Final Thoughts on this Trip
My first long-distance bike trips transformed many of my perceptions about people, places, and my place in the world. Our place of birth, upbringing, and lived experiences inform our perceptions of the world around us. Given the great diversity in lived experience among all people around the world, no person possesses a complete understanding of their own family or community, let alone a firm grasp on the people and places we are exposed to throughout our lives. The best we can do is to be open to learning and respecting the people and places we encounter along the way - knowing that our experience is but a single experience in a vast sea of reality. This is foundational to building a better humanity.
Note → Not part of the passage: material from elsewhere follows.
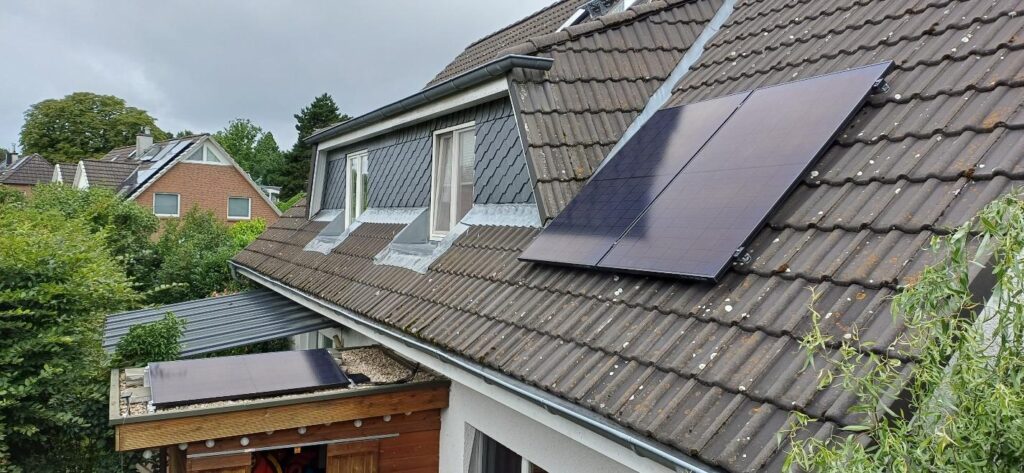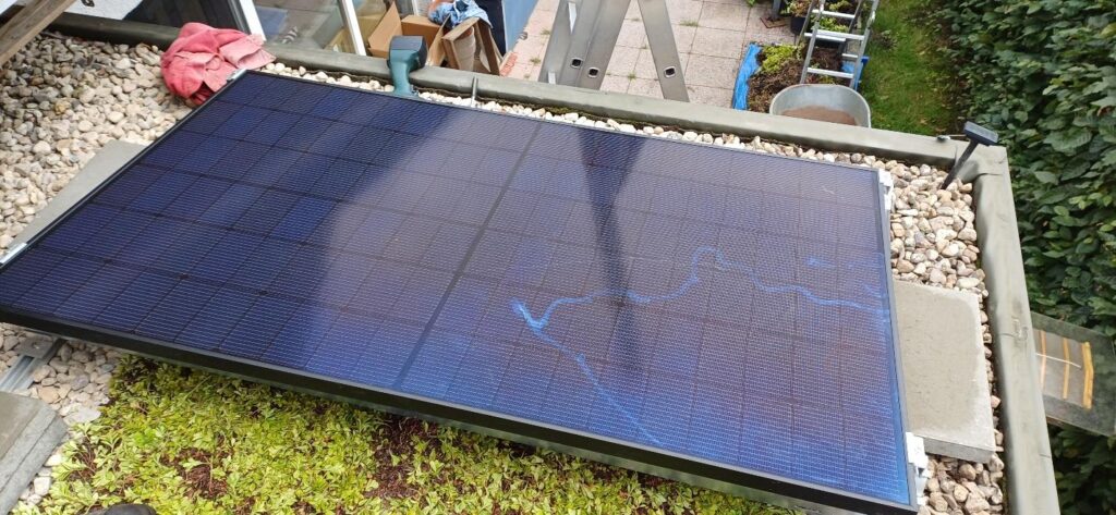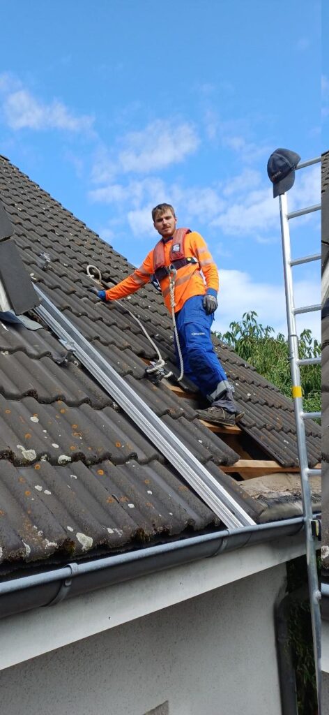 Im August erhielten wir von einem unserer Balkonisten diesen Erfahrungsbericht zur Montage seiner Dachanlage. Die Anlage ist mit Dachhaken Typ Vario2 von k2 Systems für Betonpfannen über sog. k2 Climber und k2 Singlerail Schienen befestigt. Als “Persönliche Schutzausrüstung” PSA bei den Dacharbeiten hatten wir eine Lifebelt-taugliche Schwimmweste und ein stabiles Seil verliehen. Auf dem begrünten Gartendach ist das System S-Dome 6.10 von k2 systems montiert, ohne Bohren nur mit Gewichten sicher beschwert.

After accepting these terms, perceptions can change.
All travels can be informative if we decide to pay attention. Indeed, absorbing the world around us is easier when the travel takes some effort.
What appreciation a mountain can obtain only after being climbed. In the time it takes to ascend to the top, one cannot help but ponder how the substance of the mountain itself became organized in such a way, over a timescale so incomprehensible to human understanding. Sacrificial sweat falls to the ground only to evaporate into the air that swirls and blows across miles of vast terrain, constantly transforming the landscape as it has over millennia.
The desert ahead, once a liquid ocean of life, still teems with life, though foreign to the human eye. What is unseen is often passed without consideration. Few study that which can be passed through so quickly. On a bike, the rapid pace is replaced with a study of the space. The noise of the road is a distraction from the destination. In a car, the noise is but a means to it.
The exercise on a bike tour is not just an exercise in natural science. Social science lessons abound - again, if we pay attention.
Aggressive and linear, so out of place, the wall, already built, stretches along an arbitrary line through sand and rock. On either side, faded belongings, once clutched by human hands, children’s hands, show their exposure to harsh conditions. Remnants of people’s movement, restricted in so many ways, by other people. I, myself, a person, can, at any moment, withdraw my voluntary attendance in this arena, strewn with white trucks, checkpoints, and warnings. But others, people too, choose to traverse the expanse out of necessity to seek a life worth living. A life that I enjoy without the questions, interrogation, or fear of being shipped off like dangerous cargo. One that I have simply because of where I was born.
When perceptions change, actions do too. Our incorrect assumptions can become invalidated and, if we are willing, be reshaped. Isaac Asimov said it best, “Your assumptions are your windows on the world. Scrub them off every once in a while, or the light won't come in.” This opportunity that travel can provide holds much promise in improving humanity.
Many argue about what is good or bad for “our” society. Many make claims about “what needs to be done” to address this, that, or “them”. To be better, we need to be willing to be better people. We can’t look for things in the same places. We should get our news from our interactions in the world, not from a screen. We need to scrub off some of those dirty windows we look through.
For me, I’ll be scrubbing the desert dust off my bike.